Nunatsiaq News
NEWS: Nunavut October 31, 2018 - 4:37 pm

Halloween isn’t all fun for some Nunavut communities

Coral Harbour hires monitors to keep an eye out for polar bears

SARAH ROGERS
This Aliktiluks advertised treats for those who still choose to go door-to-door on Halloween night in the Kivalliq community, where polar bears pose a threat to those travelling outside at night. (FACEBOOK PHOTO)
This Aliktiluks advertised treats for those who still choose to go door-to-door on Halloween night in the Kivalliq community, where polar bears pose a threat to those travelling outside at night. (FACEBOOK PHOTO)

“We got a bit of treats to give out!” the Aliktiluk family posts Oct. 31 on a community Facebook page from Arviat.

Another poster says he’ll have treats for trick-or-treaters, but urges kids to be safe outdoors.

The Kivalliq hamlet’s recreational department has another option for local families: the Children’s Frightfully Fun Halloween Gathering, which starts Oct. 31 at 6 p.m. in the community hall. There will be treats, an indoor playground and a haunted hallway for teens to enjoy.

The contrast of indoor and outdoor events has become a common scenario at Halloween in Arviat, which regularly sees nuisance polar bears in and around the community.

Arviat was one of two Nunavut communities that suffered a fatal attack this past summer, when a 31-year-old man was mauled to death just outside the community in July.

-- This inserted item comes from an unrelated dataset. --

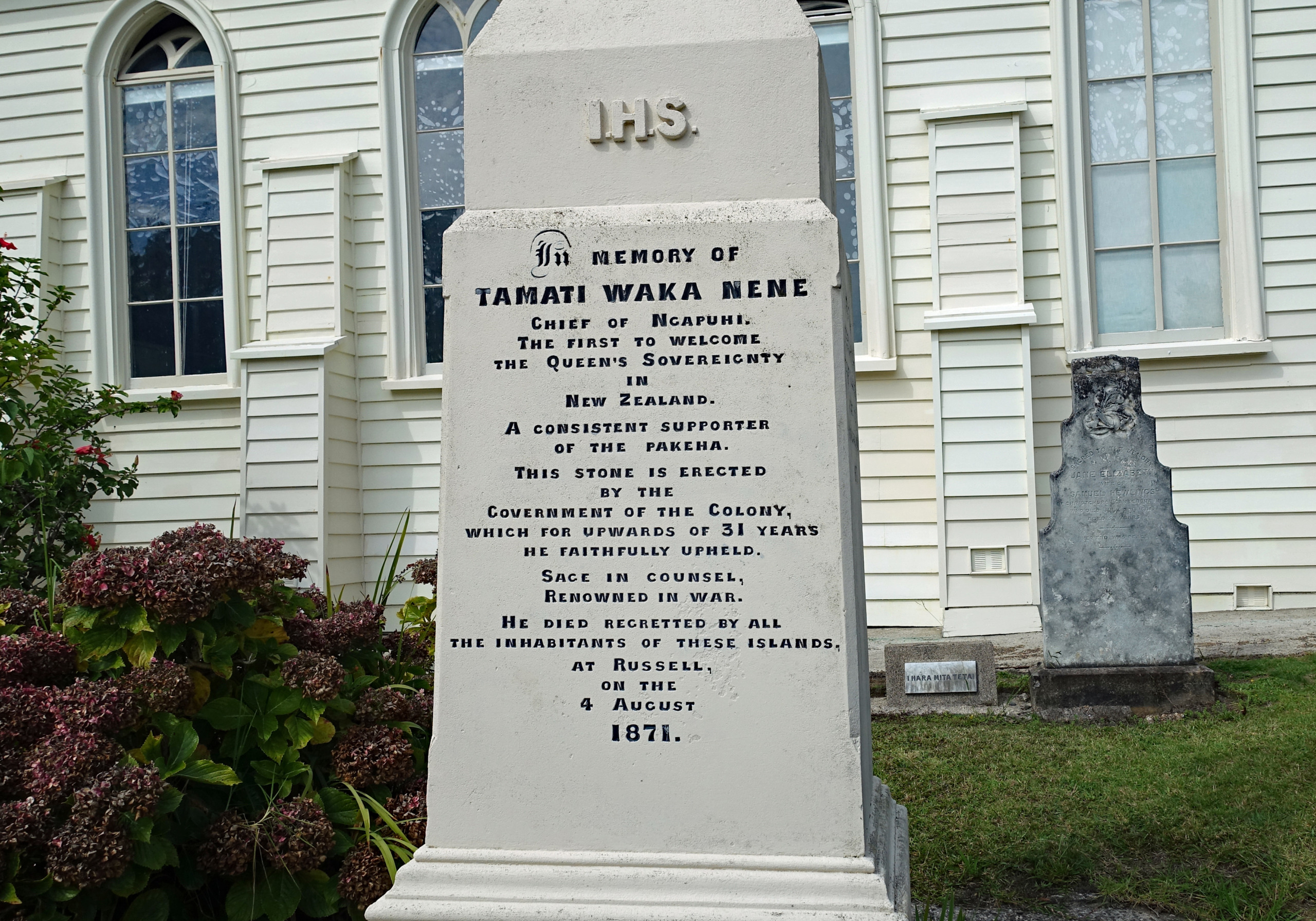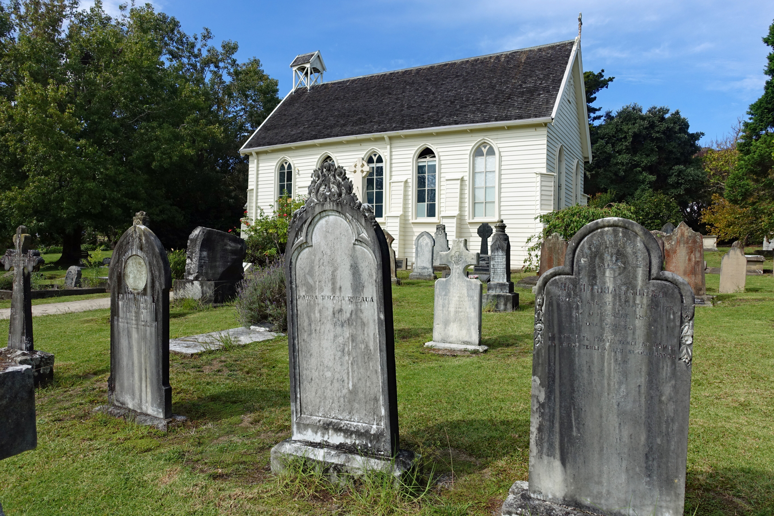 As we began the drive back to the ferry we spied a pretty church and a weathered cemetery enticing us in for a look. We had stumbled upon Christ Church, the oldest surviving church in New Zealand and one of the country’s most significant heritage sites. Completed in 1835, it has stood through the transition of Russell from a lawless whaling port to the serene seaside village it is today. Even Charles Darwin left his mark here; during his 1835 voyage on the HMS Beagle, he contributed to the church’s construction fund, though he famously grumbled about the town’s rowdy character at the time. The surrounding cemetery is as much of an attraction as the building itself, serving as a resting place for many notable figures from New Zealand’s early history. Wandering among the headstones we found the final resting palces of early settlers, mariners, and powerful Māori leaders. Most notably, we stood at the grave of Tāmati Waka Nene, the influential Ngāpuhi chief and key British ally whose signature on the Treaty of Waitangi changed the course of the nation. It was an interesting end to our day on the peninsula.

The Hamlet of Arviat banned outdoor trick-or-treating in 2014, instead opting to host an indoor event for children to attend.

Since then, the decision to allow children to go door-to-door remains a stressful one. Children want to trick-or-treat, residents say, but they take a risk if they do.

Since the July attack, community members say there has been a fairly steady stream of polar bear visitors coming in from the bay, into town or to visit its dump site.

And Halloween night can attract more than 1,000 children and youth out on the community’s streets at nightfall, when it’s more difficult to spot the bears.

Arviat, which has a population of about 2,800, has two monitors whose job it is to patrol the community through the evening and night to deter bears from coming into the community.

Farther up the Hudson coast on Southampton Island, people in Coral Harbour had to destroy a number of polar bears this past summer, when the animals kept coming into the village.

There are fewer bears now that the sea ice is freezing over, the hamlet said.

On Oct. 31, the local hunters and trappers organization in Coral Harbour hired monitors to patrol the community on Halloween night, just to ensure children are safe.

And the hamlet’s bylaw officer normally patrols the community to deter any nuisance bears.

But Kivalliq communities say the presence of polar bears continues to threaten the safety of residents, whether at Halloween or not.

In response to those concerns, the Government of Nunavut said its Environment Department is developing a polar bear safety and deterrence training course, which will be rolled out across the territory.

The GN also runs a Wildlife Damage Prevention program, which offers a total fund of $60,000 that Nunavummiut can apply for to buy deterrents like electric fencing, bear-resistant storage units and cabin reinforcements.

This past year, the program approved 10 applications and a total of $42,000.